In 2008, Larkin helped found the Newspaper and Periodical History Forum of Ireland (NPHFI), a “very cumbersome name – which, however, does have the merit of accurately describing what the focus of our activities is,” he said in a 2013 address. The organization’s mission, as stated on its homepage, is to facilitate contact between researchers and writers in the field of newspaper, periodical, journalism and printing history, and strengthen the links between teaching and research institutions, libraries, and other organizations concerned with media history.
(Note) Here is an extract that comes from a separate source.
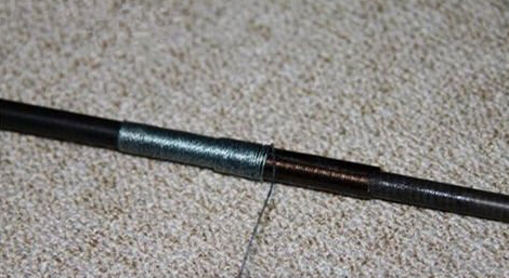 5.好了,到了这步基本已经有了原路亚竿的坚固了,可是还不够,我们把PE线用上,在外面绑上一段,防止裂开(虽然裂开的机会不大),为了更好的加固,如下图,绕线方法和普通路亚竿换前导环绕线一样,不懂看下图片;

I met Larkin earlier this month at NPHFI’s 2018 conference at the National University of Ireland/Galway. In the Q & A below, conducted via email shortly afterward, Larkin discusses the importance of studying history through newspapers; weighs the advantages and pitfalls of such research in the digital age; and cautions about “State-sponsored jamborees relating to supposedly iconic anniversaries,” such as the Irish War of Independence and Civil War over the next five years. MH

***

You helped found the NPHFI in 2008. What are your surprises, insights, delights, or disappointments about its first decade? What would you like see happen with the Forum by 2028?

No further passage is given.